▶ _YOUR OBJECTIVE_
Everything from the line containing "Crème-kleurige geweven leren" to the last line of the material below must be retyped exactly, both ends included; skip the pictures.

Top of PROVIDED DATA

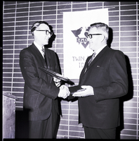 KEL 582 Curtis Eaton, left, chairman of trustees of the White estate, which provided money for the new YMCA building, presents Bill Pressey with the Evangeline White award plaque at the YMCA. They are both dressed in suits and ties. On the wall behind them is a poster reading "YMCA Twin Falls, Idaho." A podium is to the left.
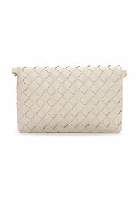 Crème-kleurige geweven leren clutch met logo plaquette in goudkleur en afneembare polsband.
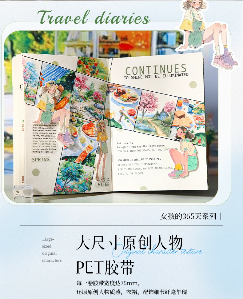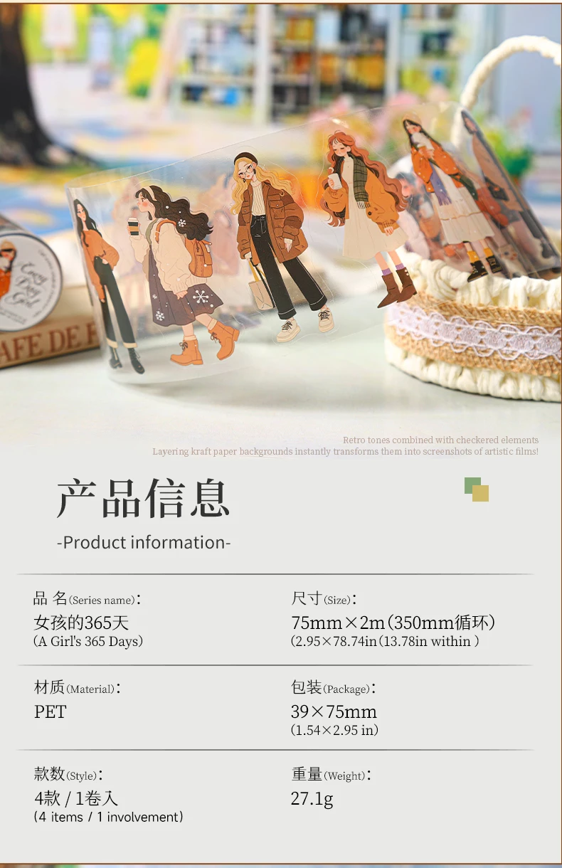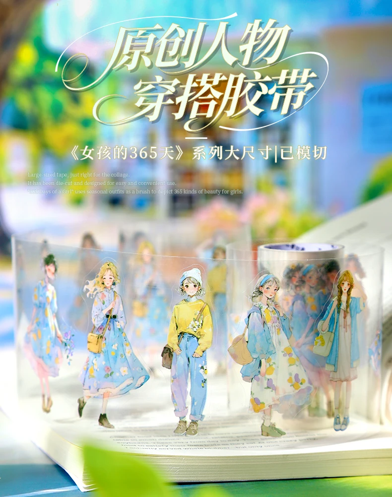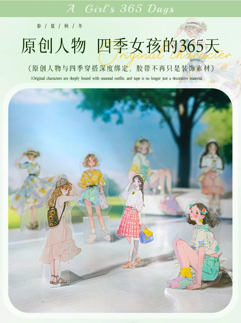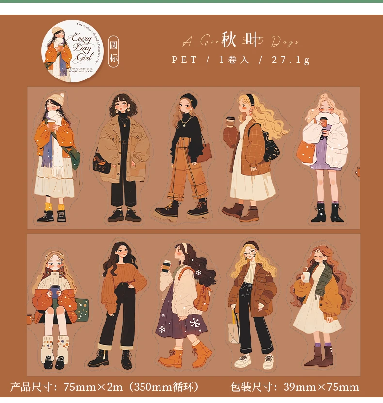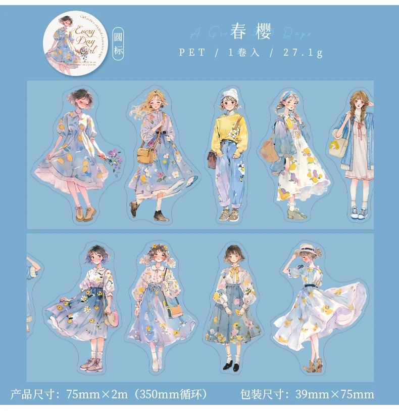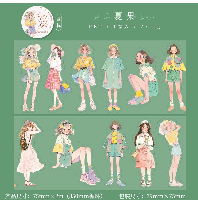 1 Roll Fashion Girl Stickers 4 Seasons Outfit DIY Scrapbook Journal Washi Tape For Phone Case Notebook Decoration Cute Stationer

Bottom of PROVIDED DATA

▶ _ANSWER FOR THIS EXERCISE_
 Crème-kleurige geweven leren clutch met logo plaquette in goudkleur en afneembare polsband.
 1 Roll Fashion Girl Stickers 4 Seasons Outfit DIY Scrapbook Journal Washi Tape For Phone Case Notebook Decoration Cute Stationer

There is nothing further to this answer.